A new study has explored how the bicircular restricted four-body problem (BCR4BP) can be utilized to optimize satellite formation dynamics in cislunar space. This theoretical approach offers a more precise framework for understanding and predicting spacecraft motion in the complex region between the Earth and the Moon, overcoming the limitations of more simplified models. This advancement is crucial for future missions requiring stable and coordinated satellite constellations in this area of growing interest.

Traditionally, trajectory design in cislunar space has relied on the circular restricted three-body problem (CR3BP), which considers the gravitational influence of two primary bodies (Earth and Moon) on a body of negligible mass. However, the BCR4BP introduces a fourth body, or considers the primaries' orbits as elliptical, allowing for a more faithful modeling of additional perturbations affecting satellites, such as solar radiation pressure or the influence of a significant third celestial body.

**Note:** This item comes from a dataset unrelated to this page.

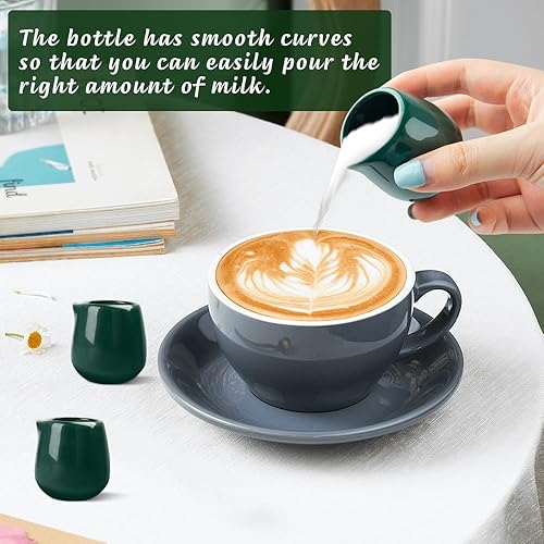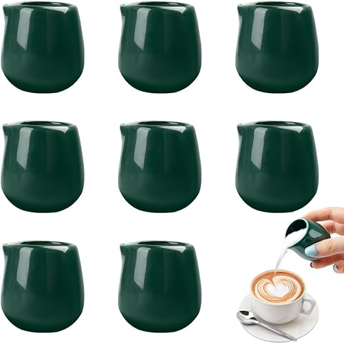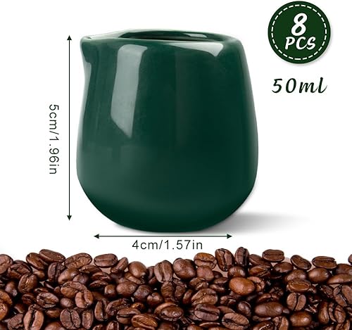 8 Pcs Mini Pot a Lait, XPJBKC 50 ml Verts Pichet a Lait en Porcelaine, Pot à Lait sans Poignée, Petit Pot Sauce Porcelaine Petite Cruche Lait, Pichet Lait Céramique pour Faire Mousser Lait,Café,Sauces

The current research focuses on how these additional complexities can be leveraged to maintain satellite formations with greater precision and lower fuel consumption.

Applying this advanced model promises a substantial improvement in the efficiency and robustness of satellite formations. This is particularly relevant for missions such as the Gateway space station or future lunar infrastructures, which will depend on the ability to maintain multiple elements in precise configurations for extended periods. The study lays the groundwork for the development of more sophisticated attitude and orbit control algorithms, opening new possibilities for the exploration and exploitation of cislunar space.